I just implemented Q-Learning without neural networks but I am stuck at implementing them with neural networks.
I will give you a pseudo code showing how my Q-Learning is implemented:
train(int iterations)
buffer = empty buffer
for i = 0 while i < iterations:
move = null
if random(0,1) > threshold:
move = random_move()
else
move = network_calculate_move()
input_to_network = game.getInput()
output_of_network = network.calculate(input_to_network)
game.makeMove(move)
reward = game.getReward()
maximum_next_q_value = max(network.calculate(game.getInput()))
if reward is 1 or -1: //either lost or won
output_of_network[move] = reward
else:
output_of_network[move] = reward + discount_factor * max
buffer.add(input_to_network, output_of_network)
if buffer is full:
buffer.remove_oldest()
train_network()
train_network(buffer b):
batch = b.extract_random_batch(batch_size)
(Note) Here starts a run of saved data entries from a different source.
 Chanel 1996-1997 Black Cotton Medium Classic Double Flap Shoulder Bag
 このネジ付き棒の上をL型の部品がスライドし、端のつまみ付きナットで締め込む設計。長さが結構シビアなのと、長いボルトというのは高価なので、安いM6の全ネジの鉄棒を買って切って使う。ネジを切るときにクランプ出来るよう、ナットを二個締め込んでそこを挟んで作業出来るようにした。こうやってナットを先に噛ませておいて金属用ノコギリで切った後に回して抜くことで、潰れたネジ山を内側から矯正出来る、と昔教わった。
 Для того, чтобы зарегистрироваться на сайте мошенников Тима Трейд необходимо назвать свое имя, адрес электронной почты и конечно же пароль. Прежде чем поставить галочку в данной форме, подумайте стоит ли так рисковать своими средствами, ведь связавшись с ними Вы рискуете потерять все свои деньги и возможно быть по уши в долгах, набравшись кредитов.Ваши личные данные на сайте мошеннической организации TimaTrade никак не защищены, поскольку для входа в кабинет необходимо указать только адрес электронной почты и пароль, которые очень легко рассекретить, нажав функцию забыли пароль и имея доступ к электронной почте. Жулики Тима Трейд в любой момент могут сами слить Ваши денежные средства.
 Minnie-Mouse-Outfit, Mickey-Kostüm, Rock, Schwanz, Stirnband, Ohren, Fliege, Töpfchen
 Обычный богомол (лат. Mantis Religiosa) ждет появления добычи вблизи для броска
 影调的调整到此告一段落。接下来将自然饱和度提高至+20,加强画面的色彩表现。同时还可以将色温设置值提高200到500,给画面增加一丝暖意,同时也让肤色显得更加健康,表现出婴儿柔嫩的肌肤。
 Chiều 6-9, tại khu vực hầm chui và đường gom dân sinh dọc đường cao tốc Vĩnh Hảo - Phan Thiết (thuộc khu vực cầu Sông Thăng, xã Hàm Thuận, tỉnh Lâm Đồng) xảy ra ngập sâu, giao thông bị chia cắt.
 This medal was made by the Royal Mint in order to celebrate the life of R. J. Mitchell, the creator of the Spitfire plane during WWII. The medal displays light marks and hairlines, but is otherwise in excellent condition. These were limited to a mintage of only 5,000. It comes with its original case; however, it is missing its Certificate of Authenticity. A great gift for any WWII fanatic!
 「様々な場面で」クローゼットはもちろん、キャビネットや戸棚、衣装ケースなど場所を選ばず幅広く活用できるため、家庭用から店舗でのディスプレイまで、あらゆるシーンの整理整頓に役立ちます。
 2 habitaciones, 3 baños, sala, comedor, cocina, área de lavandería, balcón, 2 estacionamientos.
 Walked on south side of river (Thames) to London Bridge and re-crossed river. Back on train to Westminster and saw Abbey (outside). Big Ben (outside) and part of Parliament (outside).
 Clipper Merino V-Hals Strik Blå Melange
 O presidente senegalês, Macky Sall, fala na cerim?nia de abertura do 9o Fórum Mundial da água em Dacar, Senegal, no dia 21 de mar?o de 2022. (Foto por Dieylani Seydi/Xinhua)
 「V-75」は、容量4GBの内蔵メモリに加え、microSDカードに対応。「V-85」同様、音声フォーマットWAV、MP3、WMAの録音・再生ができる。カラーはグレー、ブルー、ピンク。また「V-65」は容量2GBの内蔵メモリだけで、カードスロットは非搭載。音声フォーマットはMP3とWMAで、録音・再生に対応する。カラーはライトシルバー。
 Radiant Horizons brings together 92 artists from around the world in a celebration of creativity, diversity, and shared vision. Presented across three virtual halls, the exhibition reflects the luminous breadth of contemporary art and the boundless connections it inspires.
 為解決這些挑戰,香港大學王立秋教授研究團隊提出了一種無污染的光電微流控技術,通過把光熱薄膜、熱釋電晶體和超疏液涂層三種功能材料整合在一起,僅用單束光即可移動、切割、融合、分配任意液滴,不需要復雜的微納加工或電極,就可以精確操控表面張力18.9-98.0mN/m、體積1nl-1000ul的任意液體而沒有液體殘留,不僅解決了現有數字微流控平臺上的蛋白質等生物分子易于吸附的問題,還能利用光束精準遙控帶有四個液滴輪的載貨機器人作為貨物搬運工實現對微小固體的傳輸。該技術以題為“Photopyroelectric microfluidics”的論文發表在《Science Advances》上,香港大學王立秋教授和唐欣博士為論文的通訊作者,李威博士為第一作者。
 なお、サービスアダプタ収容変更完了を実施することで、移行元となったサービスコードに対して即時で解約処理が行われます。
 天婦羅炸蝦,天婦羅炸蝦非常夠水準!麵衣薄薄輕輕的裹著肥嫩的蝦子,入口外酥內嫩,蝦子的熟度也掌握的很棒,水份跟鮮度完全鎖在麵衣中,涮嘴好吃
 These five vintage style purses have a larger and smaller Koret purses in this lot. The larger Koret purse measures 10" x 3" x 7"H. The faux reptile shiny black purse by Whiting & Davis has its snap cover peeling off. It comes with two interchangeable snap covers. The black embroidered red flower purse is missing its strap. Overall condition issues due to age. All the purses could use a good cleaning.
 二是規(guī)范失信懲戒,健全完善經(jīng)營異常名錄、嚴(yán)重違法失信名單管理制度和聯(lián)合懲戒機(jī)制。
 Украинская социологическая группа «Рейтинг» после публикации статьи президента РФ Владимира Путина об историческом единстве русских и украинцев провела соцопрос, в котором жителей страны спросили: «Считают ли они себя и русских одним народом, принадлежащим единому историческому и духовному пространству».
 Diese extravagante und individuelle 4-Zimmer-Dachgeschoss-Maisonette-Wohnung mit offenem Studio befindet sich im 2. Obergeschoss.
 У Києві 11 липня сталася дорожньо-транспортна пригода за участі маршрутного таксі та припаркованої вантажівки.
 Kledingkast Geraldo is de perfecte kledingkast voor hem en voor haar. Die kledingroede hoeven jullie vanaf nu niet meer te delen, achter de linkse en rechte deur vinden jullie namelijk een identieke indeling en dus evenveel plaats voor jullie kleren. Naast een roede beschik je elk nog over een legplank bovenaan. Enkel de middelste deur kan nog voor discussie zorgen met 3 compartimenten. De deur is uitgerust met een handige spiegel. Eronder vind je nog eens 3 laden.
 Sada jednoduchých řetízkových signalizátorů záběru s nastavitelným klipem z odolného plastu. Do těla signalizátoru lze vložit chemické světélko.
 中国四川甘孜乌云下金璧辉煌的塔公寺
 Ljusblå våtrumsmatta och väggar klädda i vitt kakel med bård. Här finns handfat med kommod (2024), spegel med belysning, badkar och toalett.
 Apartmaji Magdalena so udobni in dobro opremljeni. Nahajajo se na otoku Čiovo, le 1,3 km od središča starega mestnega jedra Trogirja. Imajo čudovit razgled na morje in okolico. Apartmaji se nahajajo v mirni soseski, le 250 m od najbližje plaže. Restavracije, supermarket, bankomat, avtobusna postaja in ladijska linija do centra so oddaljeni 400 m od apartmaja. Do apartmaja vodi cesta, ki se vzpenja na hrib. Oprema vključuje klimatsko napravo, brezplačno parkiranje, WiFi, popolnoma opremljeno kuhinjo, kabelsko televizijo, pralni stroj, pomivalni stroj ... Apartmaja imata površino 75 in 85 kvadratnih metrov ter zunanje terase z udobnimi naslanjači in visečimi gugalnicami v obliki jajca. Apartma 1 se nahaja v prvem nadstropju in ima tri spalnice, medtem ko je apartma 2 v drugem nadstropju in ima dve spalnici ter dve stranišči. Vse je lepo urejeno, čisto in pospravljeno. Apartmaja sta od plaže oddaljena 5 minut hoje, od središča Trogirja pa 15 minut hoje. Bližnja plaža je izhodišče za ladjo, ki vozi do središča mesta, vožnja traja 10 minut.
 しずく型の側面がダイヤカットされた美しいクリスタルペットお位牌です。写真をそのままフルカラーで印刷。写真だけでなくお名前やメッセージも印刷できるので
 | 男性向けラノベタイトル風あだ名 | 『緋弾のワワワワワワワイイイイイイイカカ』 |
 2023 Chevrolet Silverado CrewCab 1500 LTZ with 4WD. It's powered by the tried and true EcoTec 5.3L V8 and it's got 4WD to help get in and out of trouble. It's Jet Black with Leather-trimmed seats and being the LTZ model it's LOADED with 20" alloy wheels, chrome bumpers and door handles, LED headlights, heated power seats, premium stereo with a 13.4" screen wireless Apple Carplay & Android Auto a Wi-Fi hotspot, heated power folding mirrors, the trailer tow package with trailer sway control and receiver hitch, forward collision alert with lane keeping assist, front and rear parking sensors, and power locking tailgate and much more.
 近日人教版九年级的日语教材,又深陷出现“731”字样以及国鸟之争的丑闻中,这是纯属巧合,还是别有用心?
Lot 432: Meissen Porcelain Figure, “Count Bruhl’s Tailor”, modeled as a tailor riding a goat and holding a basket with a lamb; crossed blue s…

for each input,output in batch:
network.train(input, output, learning_rate) //one forward/backward pass
My problem right now is that this code works for a buffer size of less than 200. For any buffer over 200, my code does not work anymore so I've got a few questions:
- Is this implementation correct? (In theory)
- How big should the batch size be compared to the buffer size
- How would one usually train the network? For how long? Until a specific MSE of the whole batch is reached?